Data Integration Architecture
ETL design, API integration priorities, data flow model, and security constraints for Pride’s intelligence dashboard and automation platform.
Strategic Objective
Connect 8 years of historical venue data with real-time operational metrics to support daily decision-making. Three critical deliverables:
- Event P&L reports — revenue and costs per event, available within 24 hours of event close
- Weekly P&L summary — rollup of daily/event P&L, delivered every Monday
- Cash forecasts — visibility of cash position trends, updated daily
API Integration Priorities (Ordered by Impact)
Priority 1: Core Revenue and Attendance
Square POS (OAuth):
- Data: Sales by item, category, register, channel; tab and ticket data; multi-location sales capability
- Refresh rate: Daily, nightly batch pull via Node.js SDK
- Rate limit: 50 req/sec (generous)
- Status: Production since ~2018; 8 years of data available
- Integration approach: Query transactions by date range; group by event/category for P&L; backfill historical data
TryBooking (API key):
- Data: Ticket sales, customer emails, event attendance records, promo code usage, ticket tier performance, package upsells
- Refresh rate: Daily or event-triggered
- Status: Production since 2018; underutilised for reporting
- Integration approach: Webhook on ticket sale; daily event sync; attendance list capture (currently printed and discarded)
- CSV fallback: If API unreliable, manual export process available
Priority 2: Financial and Operational Context
Xero (OAuth):
- Data: Chart of accounts, P&L, Balance Sheet, payroll, invoices, bank transactions
- Refresh rate: Daily snapshot
- Status: Production but data quality concerns; bookkeeper departed Nov 2025
- Integration approach: Query P&L endpoints; link account codes to event categories; aggregate into weekly summary
- Prerequisite: Data cleanup required before dashboard deployment. Bookkeeper support essential.
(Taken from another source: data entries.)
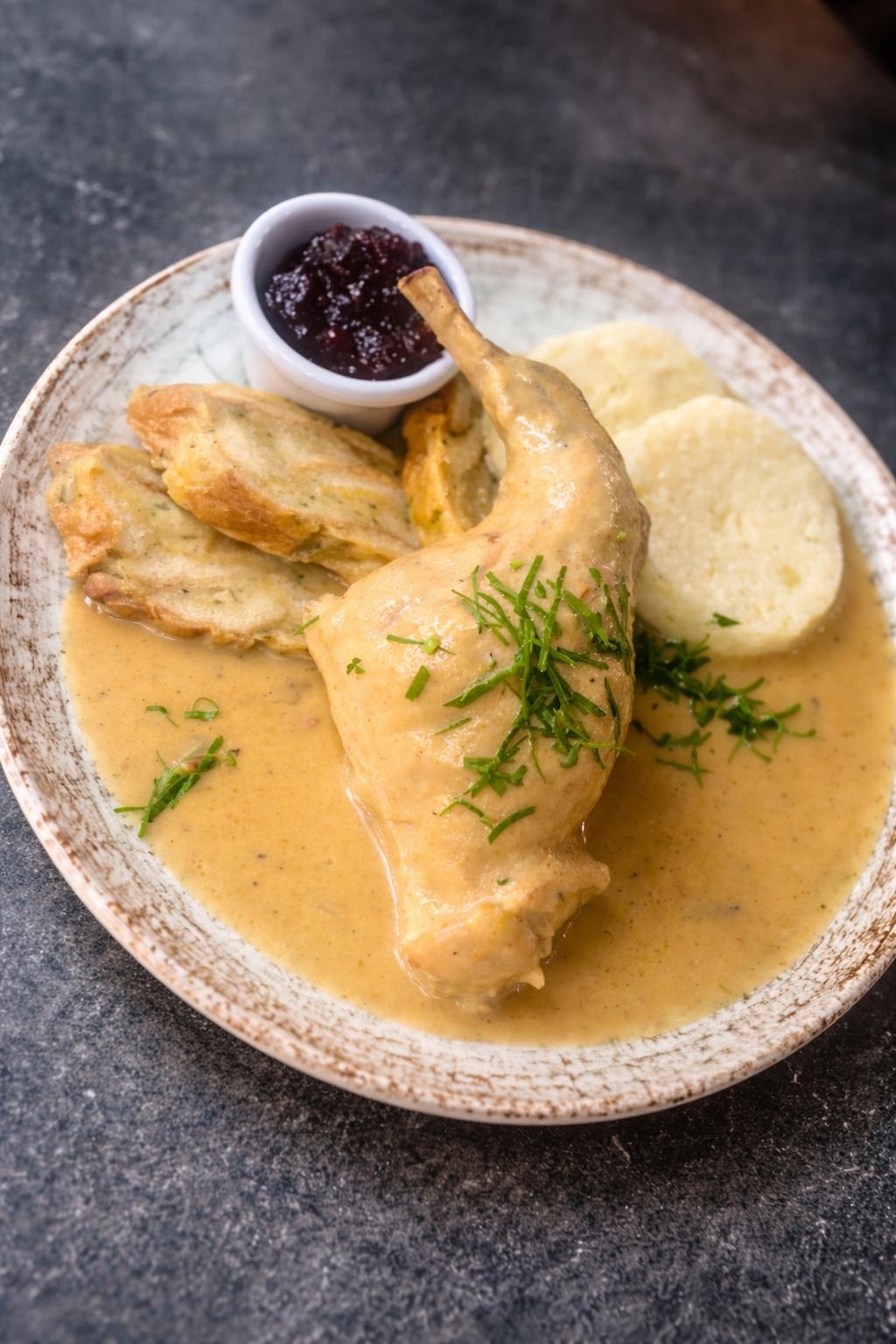 na smetaně, brusinky, karlovarské a houskové knedlíky ( , , , )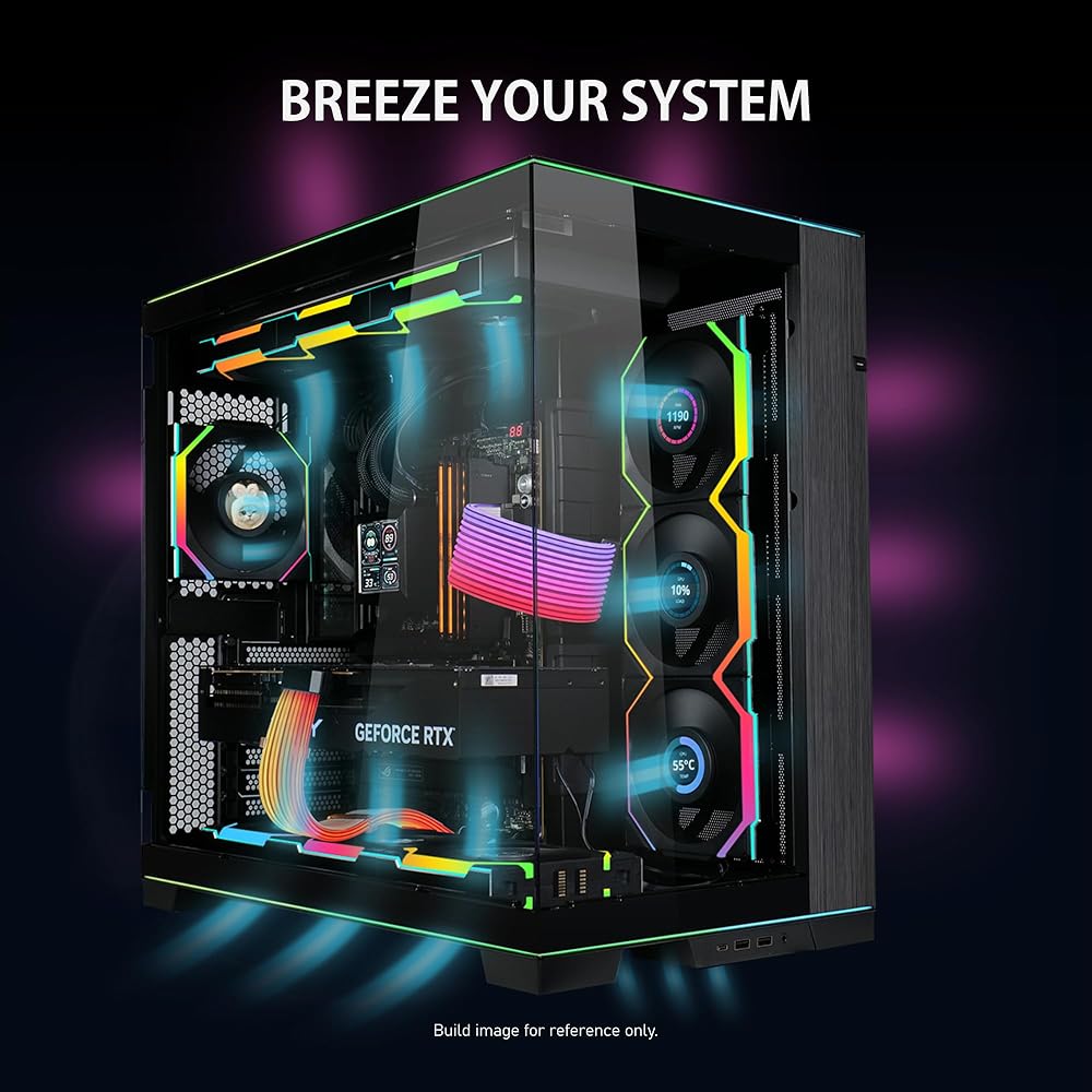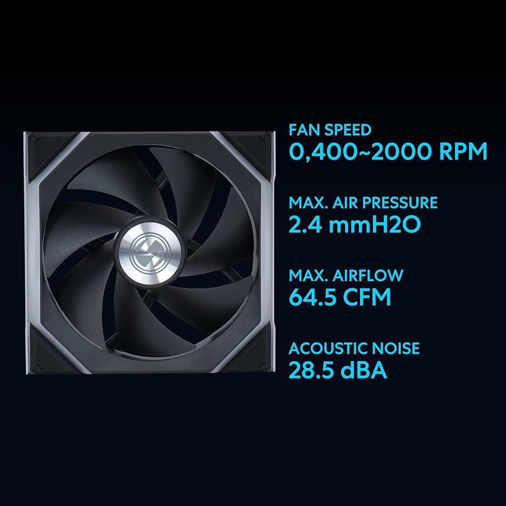 إعداد سريع للبرامج: يوفر برنامج L-Connect 3 القدرة على ضبط سرعات مختلفة للمروحة لكل مجموعة مراوح لتحسين السيناريوهات المختلفة. راقب درجة الحرارة وتحميل وحدة المعالجة المركزية ووحدة معالجة الرسومات لديك، بالإضافة إلى سرعة المروحة، على الفور باستخدام لوحات معلومات مراقبة الأجهزة المدمجة على الشاشة. تساعد المروحة على توفير المزيد من تدفق الهواء والضغط الثابت.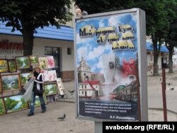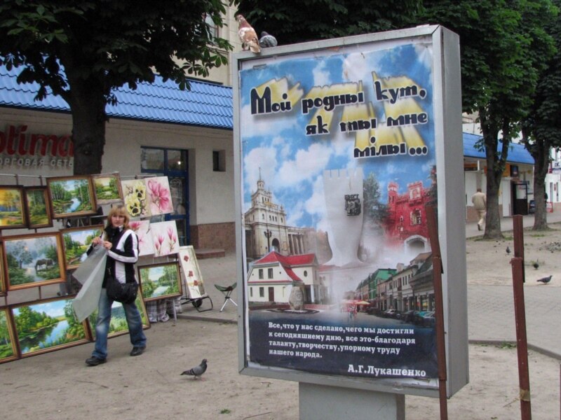 Рынкі — найбольш людныя месцы і найбольш выгадныя для рэклямы. Сацыяльна-палітычная рэкляма з цытатай Лукашэнкі ля цэнтральнага рынку Берасьця.

Deputy (OAuth or API key):
- Data: Staff rosters, clock-in/out times, shift data
- Refresh rate: Daily or shift-triggered
- Status: Production; manual processes downstream
- Integration approach: Daily shift export; link to Xero payroll codes; calculate labour hours per event
Priority 3: Customer and Marketing Context
PinTuna (export TBD):
- Data: Member records, loyalty participation, wallet data, member-to-transaction linkage
- Status: Production; underutilised
- Integration approach: Weekly export; customer segmentation (members vs non-members vs lapsed); loyalty spend analysis
Meta Business Suite (API):
- Data: Post performance, engagement, ad spend, audience demographics
- Refresh rate: Daily
- Integration approach: Pull post/campaign metrics; correlate with ticket sales events and date ranges
Google Business Profile:
- Data: Reviews, search impressions, customer actions
- Refresh rate: Weekly
- Integration approach: Sentiment analysis on recent reviews; reputation tracking
Data Flow Architecture
Daily Batch Pulls (11pm)
├── Square POS (transactions)
├── TryBooking (ticket sales, attendance, events)
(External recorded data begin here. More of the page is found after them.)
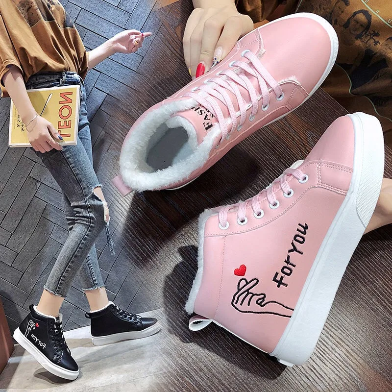 Женские ботильоны на шнуровке, теплые плюшевые кроссовки из ПУ кожи, на вулканизированной подошве, повседневная обувь для ходьбы, для зимы, 2021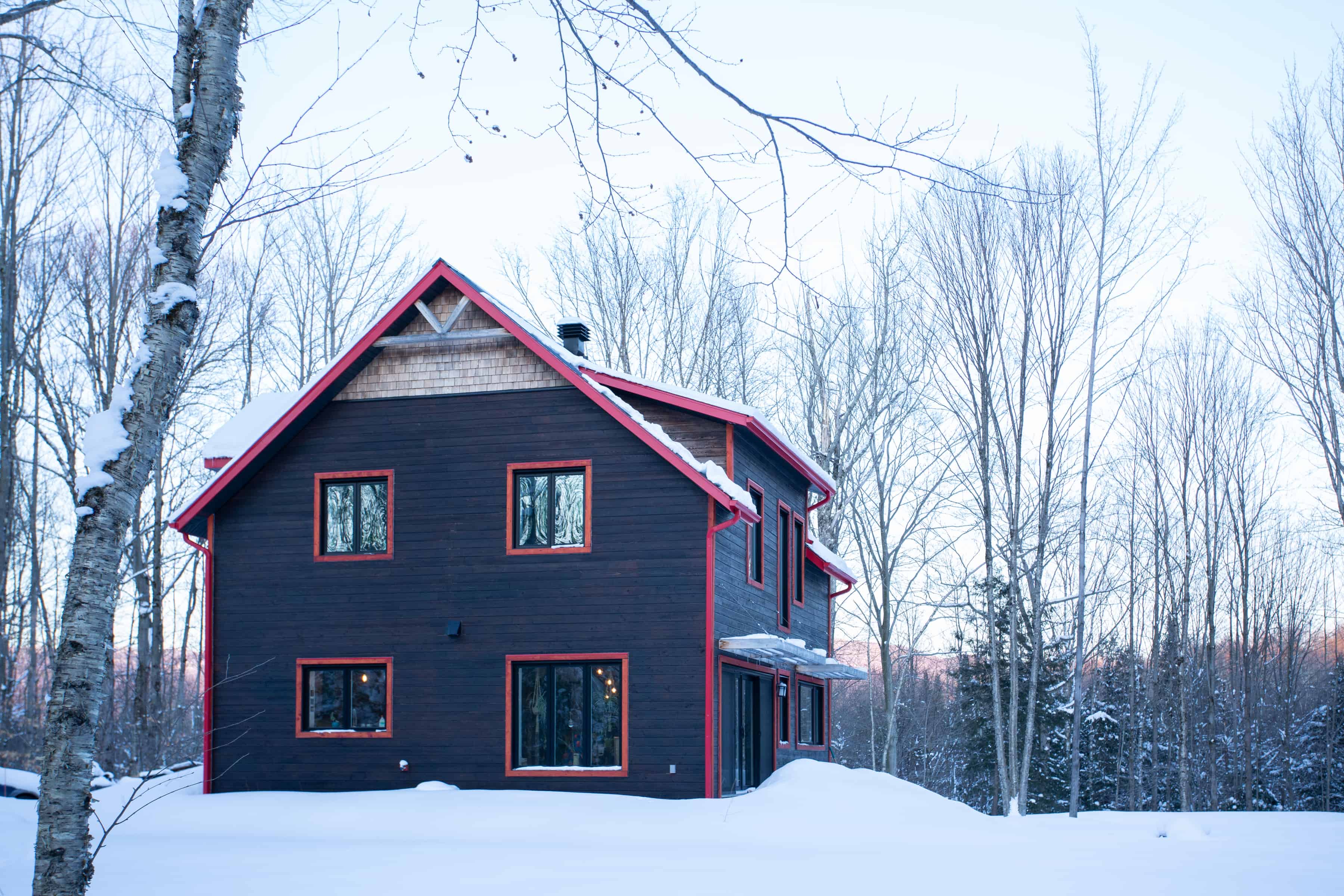 Surrounded by a forest in Eastman, this healthy and eco friendly home accomodates a family of four with three bedrooms. The new home owners personnalized the design with a touch of red on the outside, combined with cedarwood and tin roofing. Inside, the stairsmade of steel add a modern touch, balanced with wood for a warmer look.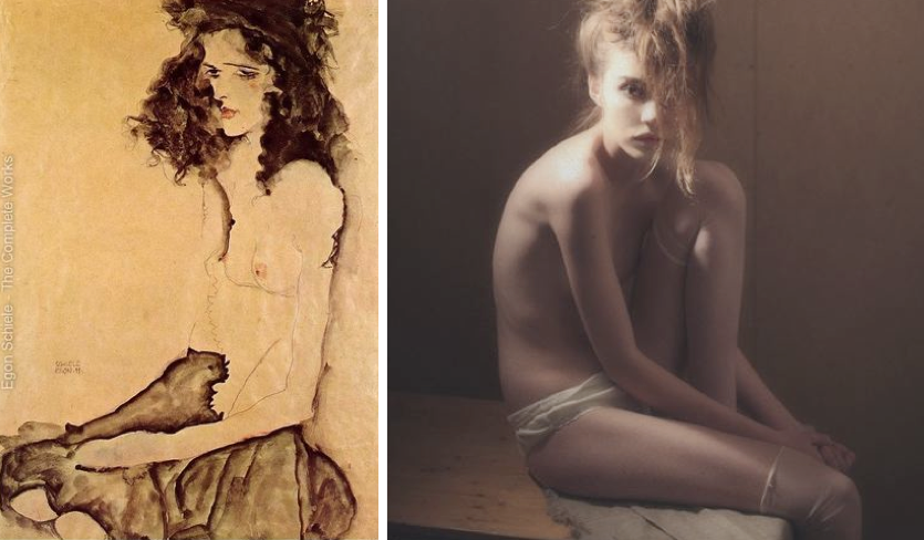 Screen shot 2013-06-27 at 11.16.50 AMEn continuación al pequeño debate que se generó en torno a los desnudos de la rusa Alina Lebedeva, aporto estas imágenes. Para quienes no siguieron los comentarios, va el resumen: ayer que subí algunas piezas de la fotógrafa Lebedeva (aquí el link: http://wp.me/p1POGd-1yW ), Alberto Dieguez comentó que le daban un aire a Egon Schiele, en lo que coincidí. Luego, otros colegas expresaron sus dudas, porque los desnudos de Schiele son casi ginecológicos mientras los de Lebedeva son sugeridos; allá la luz es muy fuerte y contrastada, en tanto la iluminación que maneja la rusa es tenue. Creo que ambos puntos tienen razón: hay un Schiele crudo, de una sexualidad brutal y contrastes encendidos, pero también está el insinuado, que se muestra aquí (y es mi favorito).

├── Xero (P&L snapshot, invoices)
├── Deputy (shifts, clock times)
└── Meta (post performance)
Event-Triggered Pulls
├── TryBooking (new ticket sale, event close)
├── PinTuna (daily member export)
└── Google Business (review alert)
Transformation Layer
├── Link Square transactions to TryBooking events
├── Map Xero accounts to event categories
├── Calculate event P&L (revenue - costs)
├── Aggregate weekly and daily rollups
└── Update forecast based on booking trends
Dashboard Update
└── Serve live data to Humphrey Intelligence App
Phase-by-Phase Implementation
| Phase | Focus | Data Sources | Timeline |
|---|---|---|---|
| Phase 1 | Revenue and attendance baseline | Square, TryBooking | Weeks 1–2 |
| Phase 2 | Financial performance | Xero (post-cleanup) | Weeks 3–4 |
| Phase 3 | Labour and customer insights | Deputy, PinTuna, Instagram | Weeks 5–6 |
| Phase 4 | Decision support | Integrated analysis across all | Weeks 7+ |
Security Model
No API keys in client code: All external API calls server-side (Server Actions or API routes).
OAuth token storage: Supabase vault (encrypted at rest).
Row Level Security: Every table has RLS policies tied to user role:
- Admin: Sees all data
- Operations: Sees operations-relevant data (roster, incidents, performance)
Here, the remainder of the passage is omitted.